■ Task: Print, please, exactly the lines from the one with "2023-2024学年九年级英语人教版 期末考点诊断小卷" through the final line of the data below, with both ends included and the pictures left out.

■ Recorded data:
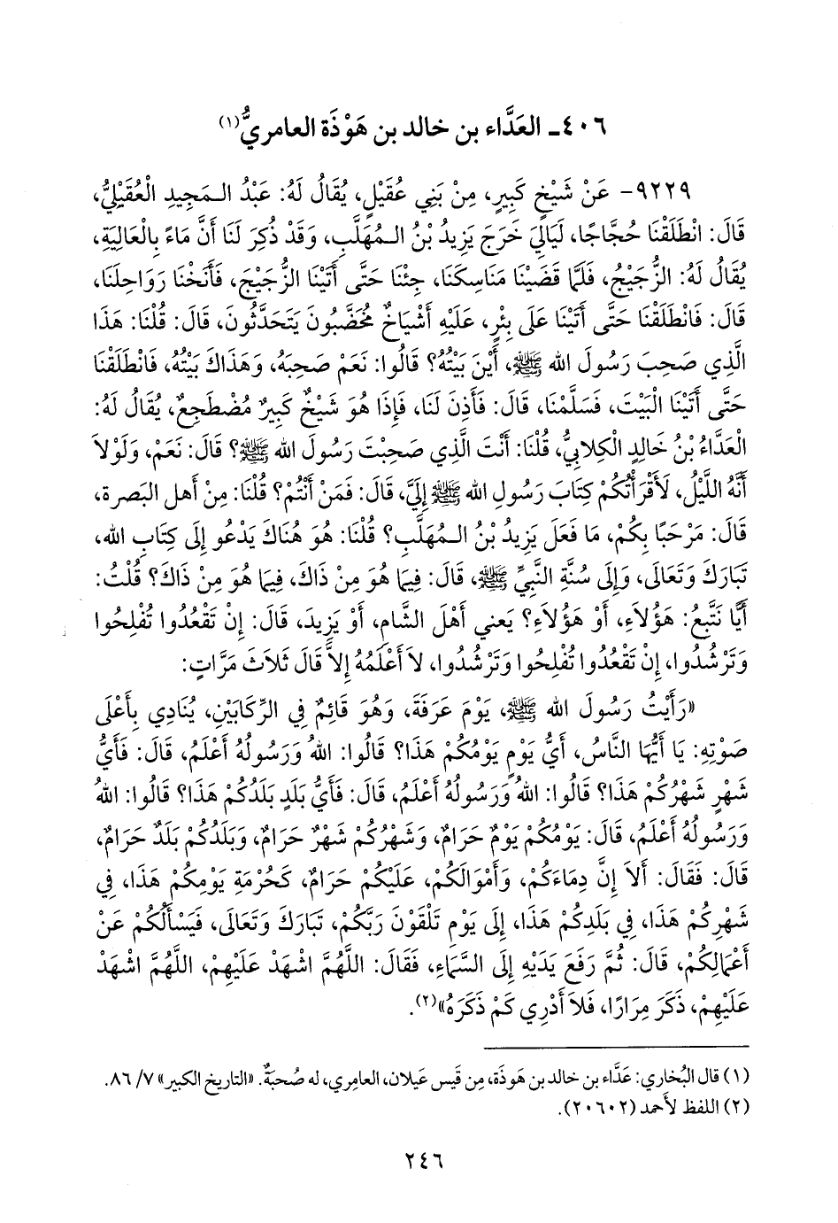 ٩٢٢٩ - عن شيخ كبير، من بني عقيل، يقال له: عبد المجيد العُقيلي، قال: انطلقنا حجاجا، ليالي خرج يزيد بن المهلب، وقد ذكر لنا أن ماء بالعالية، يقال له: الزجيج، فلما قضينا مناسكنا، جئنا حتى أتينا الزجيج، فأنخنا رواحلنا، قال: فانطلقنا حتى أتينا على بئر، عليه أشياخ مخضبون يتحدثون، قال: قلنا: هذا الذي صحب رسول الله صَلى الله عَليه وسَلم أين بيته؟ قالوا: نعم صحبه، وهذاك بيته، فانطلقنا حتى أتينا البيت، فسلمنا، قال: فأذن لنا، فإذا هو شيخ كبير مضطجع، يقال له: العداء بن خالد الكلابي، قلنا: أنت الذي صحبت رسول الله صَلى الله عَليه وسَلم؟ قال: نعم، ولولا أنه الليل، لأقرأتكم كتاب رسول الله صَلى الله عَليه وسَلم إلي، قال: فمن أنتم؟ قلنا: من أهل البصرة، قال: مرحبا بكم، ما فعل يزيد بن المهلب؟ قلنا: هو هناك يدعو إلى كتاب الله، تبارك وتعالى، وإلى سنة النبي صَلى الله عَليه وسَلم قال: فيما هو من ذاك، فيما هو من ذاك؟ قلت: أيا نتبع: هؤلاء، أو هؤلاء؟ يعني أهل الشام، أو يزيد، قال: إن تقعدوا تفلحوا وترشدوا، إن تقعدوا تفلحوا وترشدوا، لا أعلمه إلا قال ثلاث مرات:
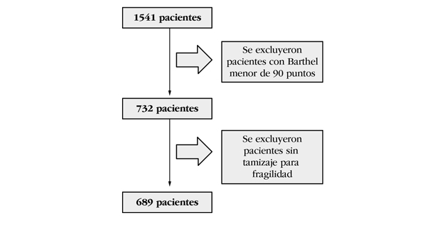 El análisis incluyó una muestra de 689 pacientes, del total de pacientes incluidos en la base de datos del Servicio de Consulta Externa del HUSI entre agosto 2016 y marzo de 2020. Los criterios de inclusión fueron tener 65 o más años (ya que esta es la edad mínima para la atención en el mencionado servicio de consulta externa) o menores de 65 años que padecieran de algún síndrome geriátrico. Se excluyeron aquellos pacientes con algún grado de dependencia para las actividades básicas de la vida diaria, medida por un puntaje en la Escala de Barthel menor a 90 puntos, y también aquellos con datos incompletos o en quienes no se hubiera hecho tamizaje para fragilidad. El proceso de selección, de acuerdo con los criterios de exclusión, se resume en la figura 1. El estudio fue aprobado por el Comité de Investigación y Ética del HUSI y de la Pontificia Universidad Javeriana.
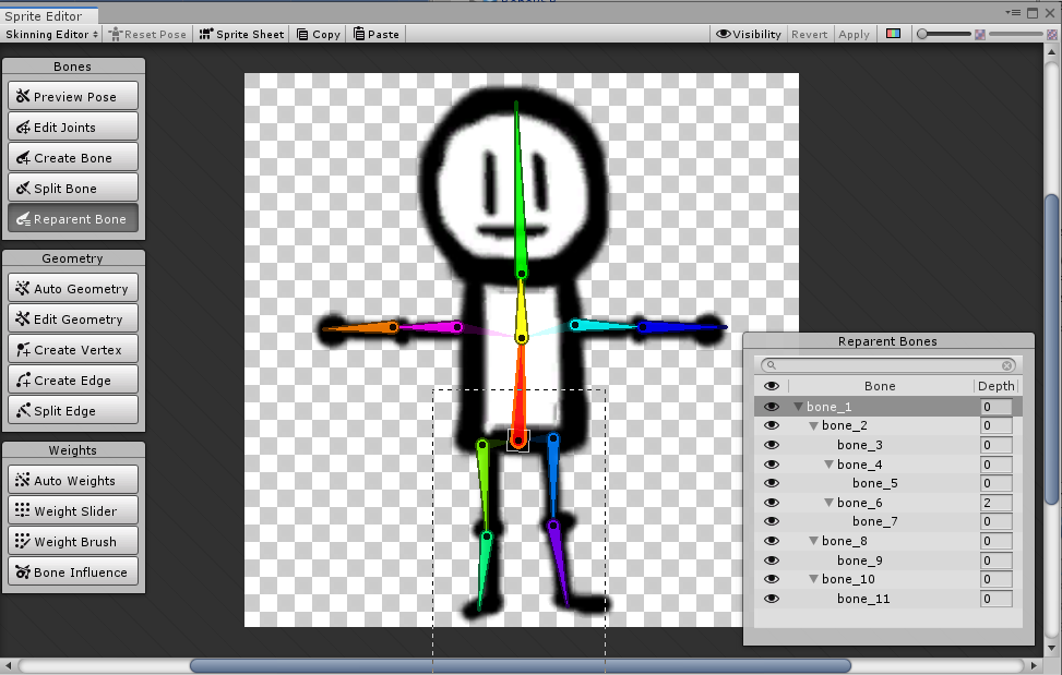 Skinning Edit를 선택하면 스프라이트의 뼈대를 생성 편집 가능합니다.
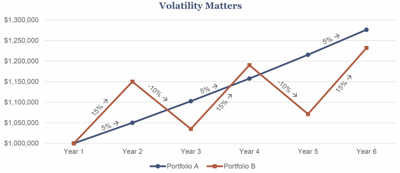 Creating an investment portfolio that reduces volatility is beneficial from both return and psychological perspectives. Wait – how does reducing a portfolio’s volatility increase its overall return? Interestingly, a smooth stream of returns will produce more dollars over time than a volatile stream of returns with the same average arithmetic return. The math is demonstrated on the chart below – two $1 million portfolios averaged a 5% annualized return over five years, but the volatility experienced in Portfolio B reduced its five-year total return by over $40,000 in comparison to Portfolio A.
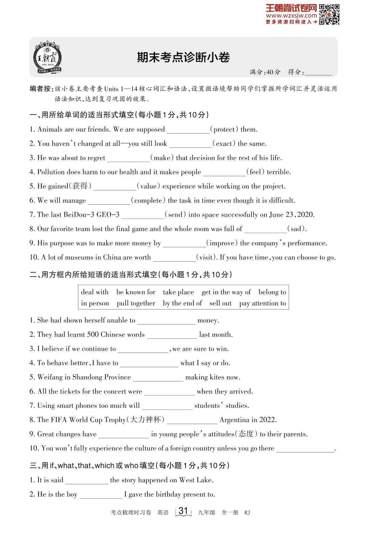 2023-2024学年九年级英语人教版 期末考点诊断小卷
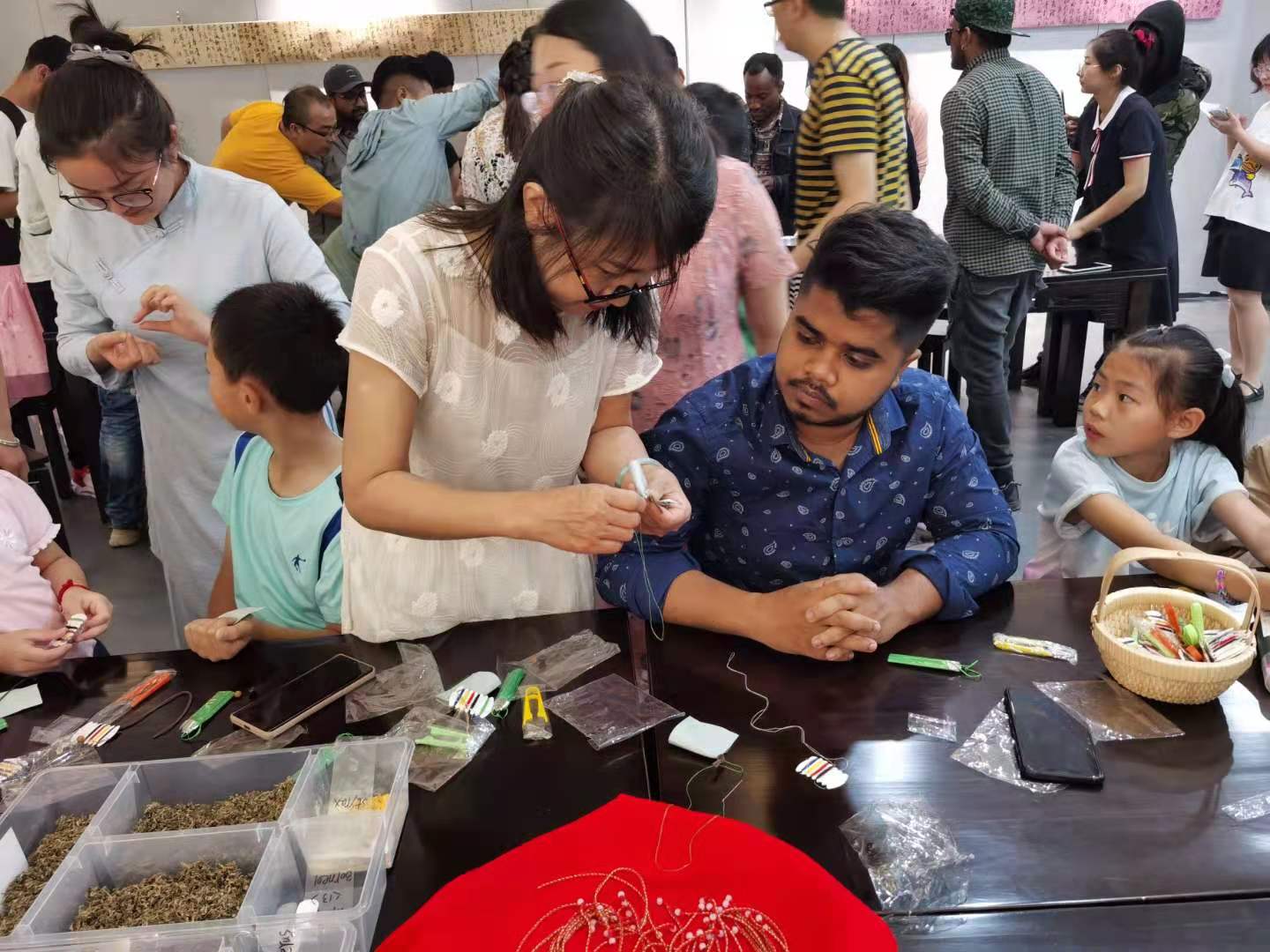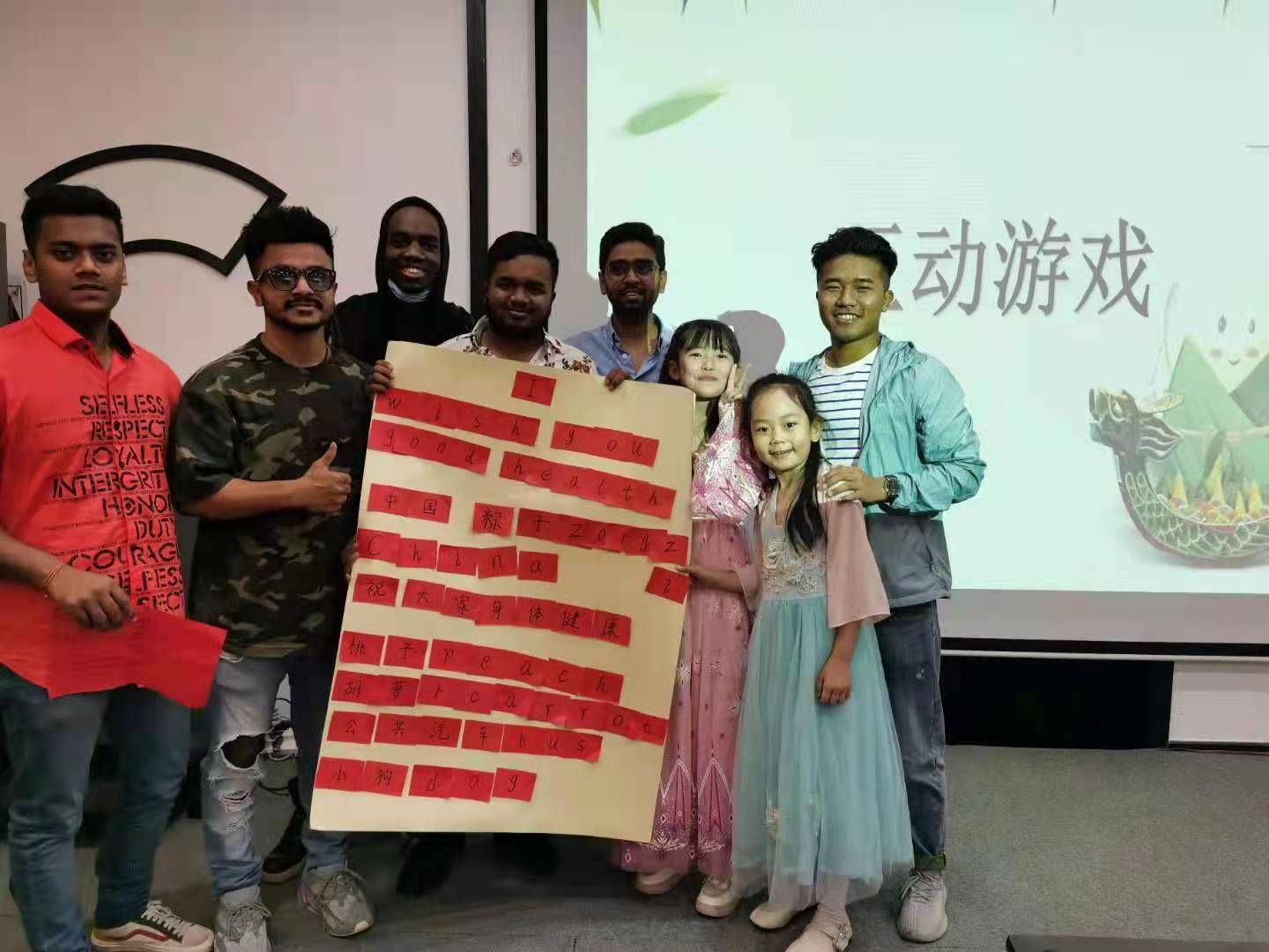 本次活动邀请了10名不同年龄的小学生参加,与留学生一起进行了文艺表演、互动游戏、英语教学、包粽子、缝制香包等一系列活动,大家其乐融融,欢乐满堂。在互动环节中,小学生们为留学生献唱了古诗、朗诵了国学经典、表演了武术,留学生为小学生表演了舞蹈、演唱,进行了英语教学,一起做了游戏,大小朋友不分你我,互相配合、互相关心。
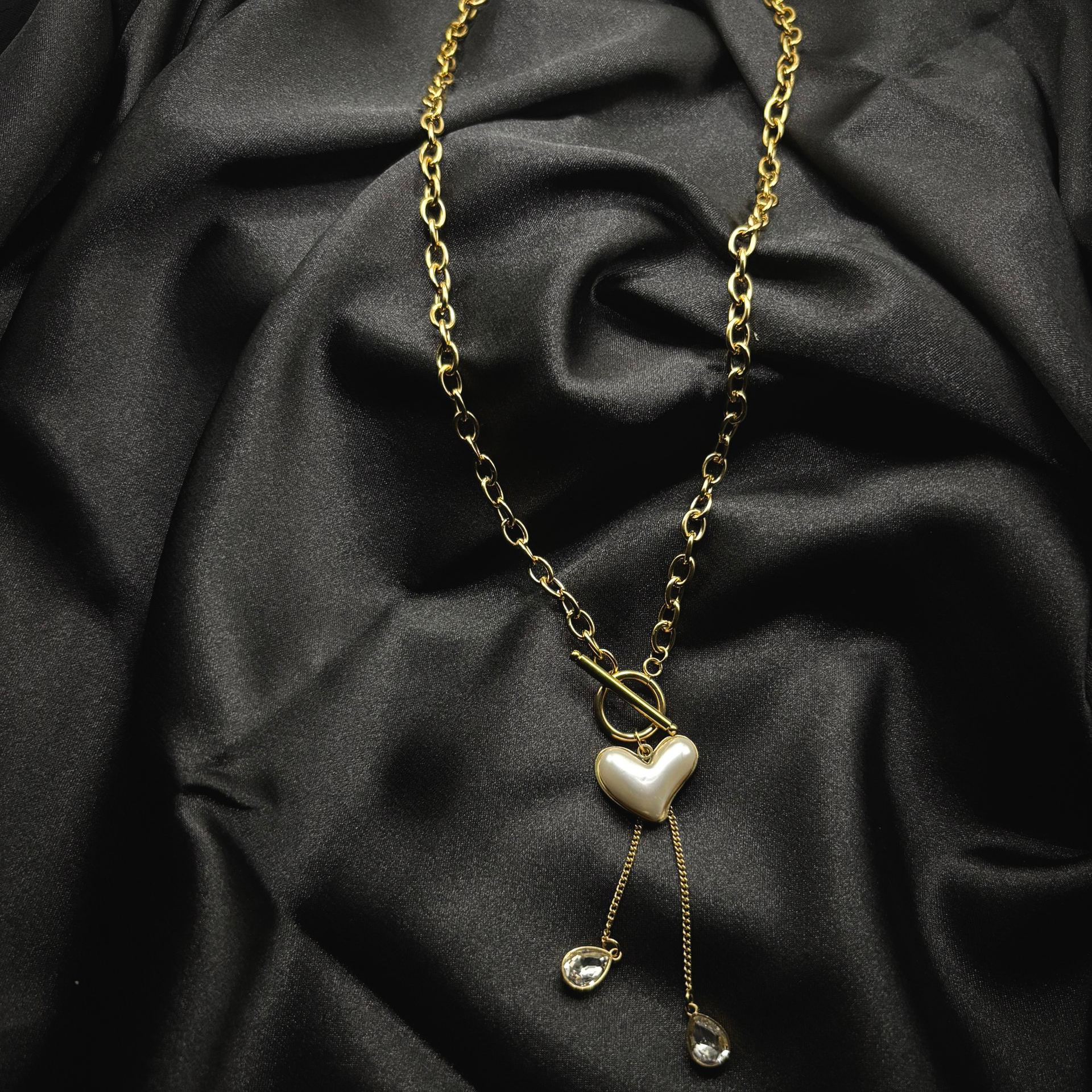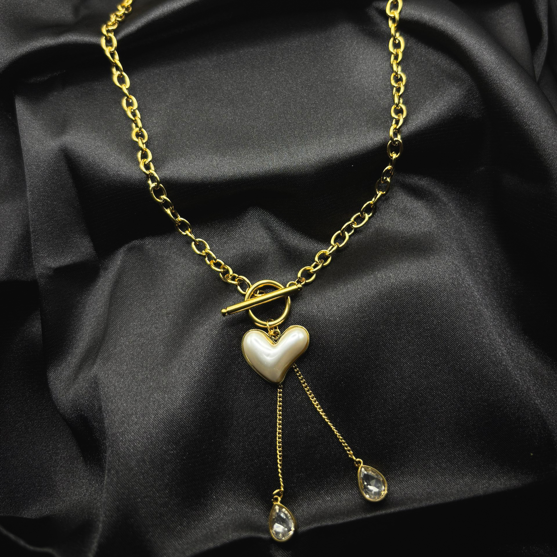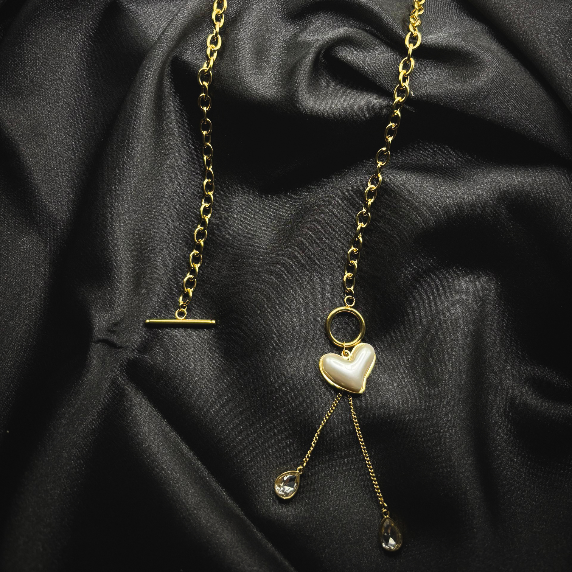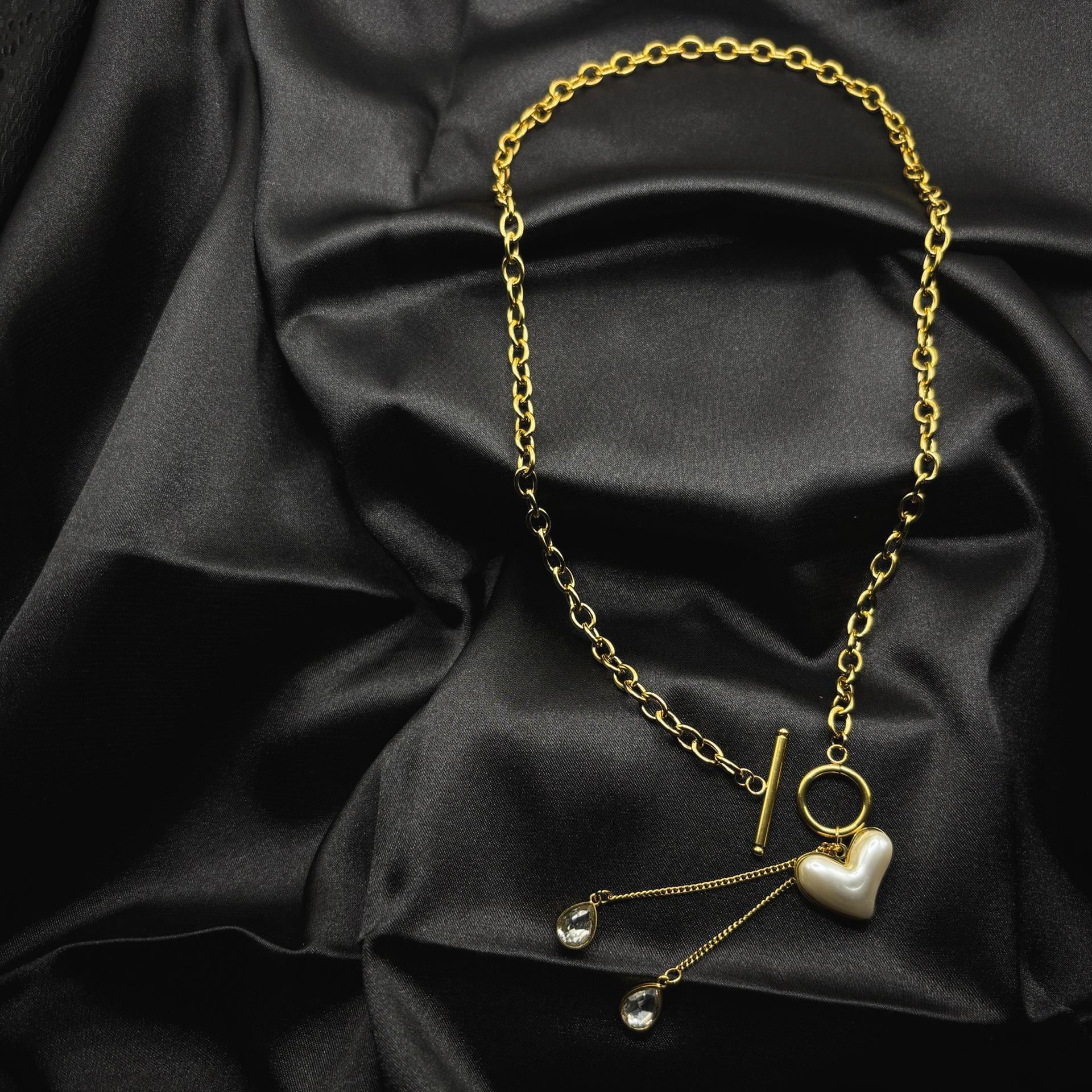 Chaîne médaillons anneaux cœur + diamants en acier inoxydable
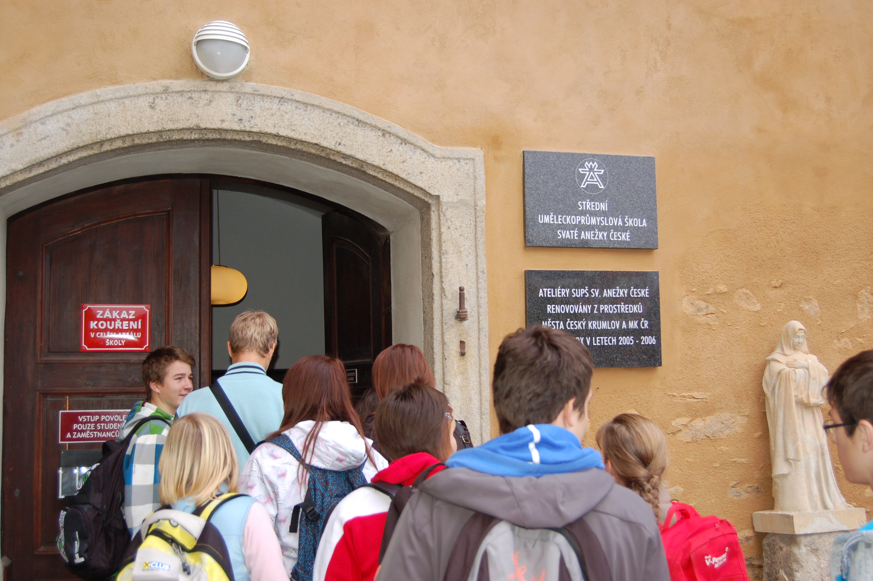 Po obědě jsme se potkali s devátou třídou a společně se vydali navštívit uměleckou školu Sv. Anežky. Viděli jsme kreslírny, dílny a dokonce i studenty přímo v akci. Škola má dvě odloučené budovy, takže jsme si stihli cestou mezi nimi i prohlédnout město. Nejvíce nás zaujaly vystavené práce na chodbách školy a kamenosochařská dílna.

■ Written reply:
 2023-2024学年九年级英语人教版 期末考点诊断小卷
 本次活动邀请了10名不同年龄的小学生参加,与留学生一起进行了文艺表演、互动游戏、英语教学、包粽子、缝制香包等一系列活动,大家其乐融融,欢乐满堂。在互动环节中,小学生们为留学生献唱了古诗、朗诵了国学经典、表演了武术,留学生为小学生表演了舞蹈、演唱,进行了英语教学,一起做了游戏,大小朋友不分你我,互相配合、互相关心。
 Chaîne médaillons anneaux cœur + diamants en acier inoxydable
 Po obědě jsme se potkali s devátou třídou a společně se vydali navštívit uměleckou školu Sv. Anežky. Viděli jsme kreslírny, dílny a dokonce i studenty přímo v akci. Škola má dvě odloučené budovy, takže jsme si stihli cestou mezi nimi i prohlédnout město. Nejvíce nás zaujaly vystavené práce na chodbách školy a kamenosochařská dílna.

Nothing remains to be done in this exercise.